Monday, February 29, 2016

Saiyuuki (1960)

Here is the first English-subtitled version of the 1960 Japanese animated movie Saiyuuki. Up until now, the only available English version has been the 1961 dub Alakazam the Great. As was often the case back then, the script for the dub bears little or no relation to the original Japanese script. The changes in Alakazam the Great were quite extensive: all the Buddhist and Taoist elements were eliminated; the movie was shortened by several minutes; the musical score and songs were redone completely. Despite the attempt to reshape Saiyuuki into generic Disney fare, the movie was a commercial failure in the US.

Saiyuuki was based on Tezuka Osamu's highly popular manga of the same name, which in turn was based on the Chinese classic Journey to the West. Osamu's name was used prominently in promoting the film, although he always denied active involvement in the production. According to some sources, he was displeased with the film's happy ending, and that spurred him to form his own anime company, Mushi Productions.

Saiyuuki is set in China and recounts the adventures of Son Gokuu, a monkey king. Son Gokuu is both powerful and willful. In his arrogance, he challenges heaven itself and is punished by exile to Mount Gogyou. He is eventually released on condition that he accompany a monk named Sanzou to India in order to receive the Buddhist sutras. Along the way he defeats and then befriends the pig-man Cho Hokkai and the ogre Sa Gajou. Together, they must confront and defeat the terrible bull demon Gyuumaou before Sanzou can accomplish his mission. The core cast is supplemented by Rin Rin, a love interest for Son Gokuu, and Shouryuu, a mischievous imp whose head horn doubles as an antenna for a 1960s mobile phone.

Like the original manga, Saiyuuki is a mishmash of styles, with plenty of anachronistic elements. Broad comedy is mixed in with action and chase sequences. Western influences coexist with Asian styling and thought. For example, the gods are depicted with angelic halos, and some of its denizens are from Greek mythology. When Cho Hakkai is trying to impress his bride-to-be (actually Son Gokuu in disguise), he appears successively in formal Western attire, then a Russian Cossack costume, then as an Indian chief, and then as a hula dancer. Still, Saiyuuki is recognizably a children's film in the 1950s Disney mold. Action sequences alternate with slower sections to allow kids to "cool off." Songs are used to underline the characters or delineate chapters. And despite trials and tribulations, the good guys triumph.

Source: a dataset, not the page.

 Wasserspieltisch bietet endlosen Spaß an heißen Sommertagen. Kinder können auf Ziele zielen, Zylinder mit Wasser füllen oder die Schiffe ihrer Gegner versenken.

Saiyuuki was Toei Douga's third color animated film. The animation is fluid and represents a real advance over the studio's previous animated movies. Despite that, I find it a bit bland. There's really nothing to engage an adult, and there's a lot of padding. I prefer Takahata Isao's Horus: Prince of the Sun, which shows signs of his unique directorial sensibility, even though it too is a G-rated children's movie. Horus is lively, while Saiyuuki is frenetic. However, Saiyuuki was a greater commercial success in Japan.

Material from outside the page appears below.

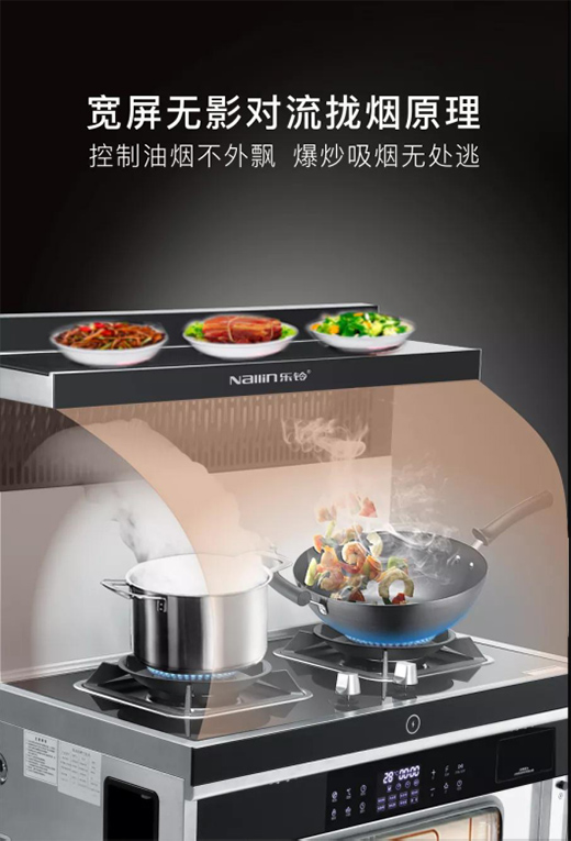 樂鈴多功能一體集成灶在煙機、灶具上的性能表現向來出色。21m3/min增壓大吸力、5.0kW猛火滿足任何類型的爆炒。此外,樂鈴多功能一體集成灶在煙機上還作了進一步升級,利用寬屏無影對流攏煙原理,控制油煙不外飄,爆炒吸煙無處逃。

This is Orphan's second Journey to the West-themed project, after Tezuka Osamu Monogatari in 2014. Both projects originated with Al_Sleeper in the BakaBT community. For Saiyuuki, he provided the encoded raw and a very rough English translation as a starting point. Magistral (also from the BakaBT community) redid the translation and filled in some of the rough spots; then convexity gave the script a complete going over and translated the signs and the songs. M74 timed, I edited and typeset, and Calyrica and konnakude QCed. The raw is from ARR, minus their Russian voice-over track and subtitles. The encode is serviceable, but the source suffers from jitter and transcription problems. The film really needs restoration and a Blu-Ray release, but that seems unlikely.

 A few translation notes:
  •  ri is an old unit of distance, equal to 3.927 kilometers.
  • Gogyuu, the mountain where Gokuu is imprisoned, takes its name from the five elements of Chinese medicine: earth, wood, metal, fire, and water.
So even though it's Tezuka Osamu at one remove, enjoy Saiyuuki!

1 comment:

  1. I watched the dubbed version of this a while ago and wondered how different it was from the Japanese version. Thanks for doing this.